Inilah mengapa banyak orang memperjuangkannya. Mereka semua sangat ingin menaklukkannya!
Sejak zaman kuno hingga sekarang, orang-orang selalu cenderung menghubungkan legenda dan dongeng dengan Taoisme. Beberapa orang percaya bahwa Taoisme adalah sekte yang melahirkan dewa dan makhluk surgawi. Oleh karena itu, untuk sebuah sekte yang begitu suci dan legendaris, tidak mengherankan jika tempat kelahirannya dapat menarik begitu banyak perhatian.
Tempat ini merupakan tempat kelahiran Taoisme, dan juga tempat kelahiran legenda dan dongeng. Ini adalah padanan timur dari Gunung Olympia.
Chu Feng menghadap ke selatan, memandang ke kejauhan. Tatapan matanya dapat digambarkan sebagai penuh semangat dan antusiasme.
Dia juga ingin tahu mengapa organisasi-organisasi kuat seperti Bodhi dan Pre-Qin Institute tidak akan berhasil. Bahaya apa yang sebenarnya tersembunyi di balik kabut dan hutan yang hijau?

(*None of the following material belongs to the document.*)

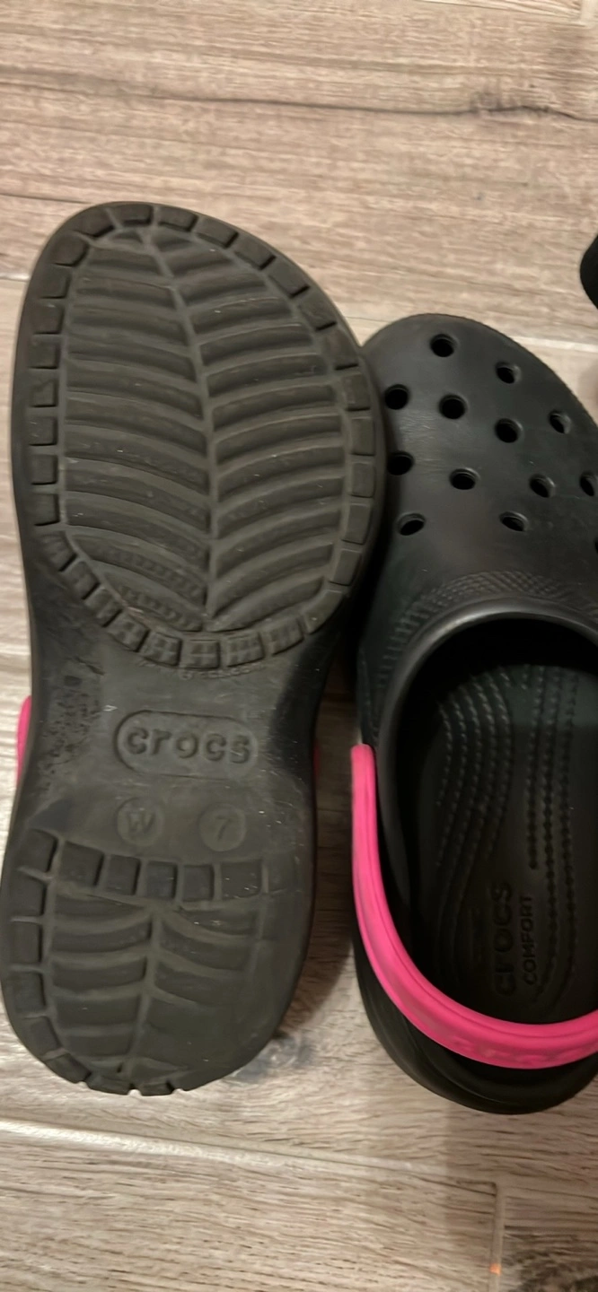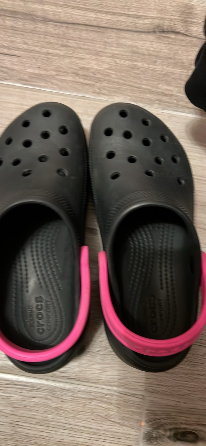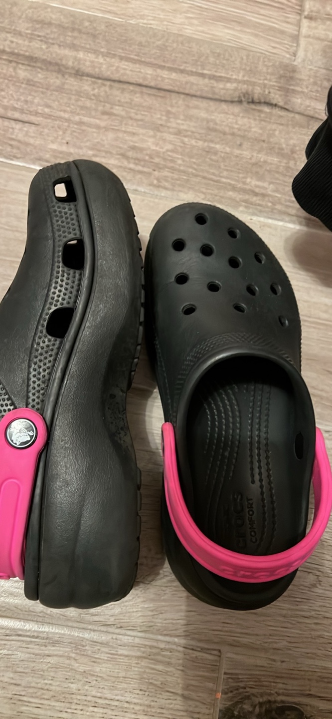 Selling a pair of Crocs Classic Platform Clogs in black with a pink back strap! They are in great condition and super comfy. Size is a women's 7.

Sayangnya, tidak seorang pun di sini yang mengetahui jawabannya. Jawaban atas pertanyaan-pertanyaan ini akan memiliki banyak implikasi. Jawaban tersebut juga akan menjadi indikasi yang baik tentang seberapa kuat dan kompeten organisasi-organisasi besar ini sebenarnya.

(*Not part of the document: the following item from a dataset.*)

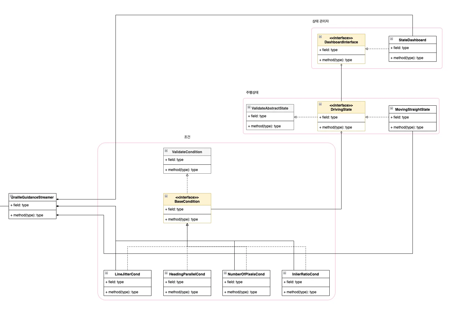 어떤 주행상태 (점자블럭이 보이고 직진하는 상태) 들은 특정 조건들에 의해서 발동된다.

“Kakek Chu, apakah Kakek yakin ingin melakukan ini? Ini akan sangat berbahaya,” tanya Xiong Kong. Dia memanggil Chu Feng kakek karena Chu Feng dan kakeknya sendiri telah menjadi saudara angkat, jadi dalam hal hierarki keluarga, Chu Feng pantas dipanggil “kakek”.
Setelah berkali-kali dipukuli oleh Chu Feng, Xiong Kun menjadi lebih bijaksana. Dia tahu bahwa dengan bekerja di bawah Chu Feng, dia akan mendapatkan lebih banyak keuntungan daripada melawannya. Mungkin suatu hari nanti, Chu Feng akan menjadi raja dunia ini, dan ketika hari itu tiba, dia akan mendapatkan banyak manfaat dengan bekerja sama dengannya.
Hu Sheng juga merasa gembira. Ia sangat merindukan Gunung Longhu, sama seperti temannya. “Aku yakin aku akan menemukan banyak peluang bagus di Gunung Longhu, peluang yang bisa menguntungkanku seumur hidup! Dan dengan perlindungan Dewa Chu, semua ini akan menjadi bisnis yang menguntungkan!” pikir Hu Sheng.
Keduanya tahu bahwa sebagai tempat kelahiran Taoisme, Gunung Longhu memegang peringkat yang sangat tinggi dalam legenda kuno.
“Perebutan Longhu telah dimulai sejak lama. Banyak raja telah kehilangan nyawa mereka di sana bahkan sebelum ada yang menyadari apa yang sebenarnya terjadi pada dunia ini; dan perebutan ini semakin intens akhir-akhir ini. Aku telah mendengar cukup banyak cerita tentang raja dan para ahli yang dibunuh secara brutal saat memperebutkan gunung itu.”
“Jika Anda menginginkan informasi lebih lanjut, ada tempat untuk mendapatkannya.”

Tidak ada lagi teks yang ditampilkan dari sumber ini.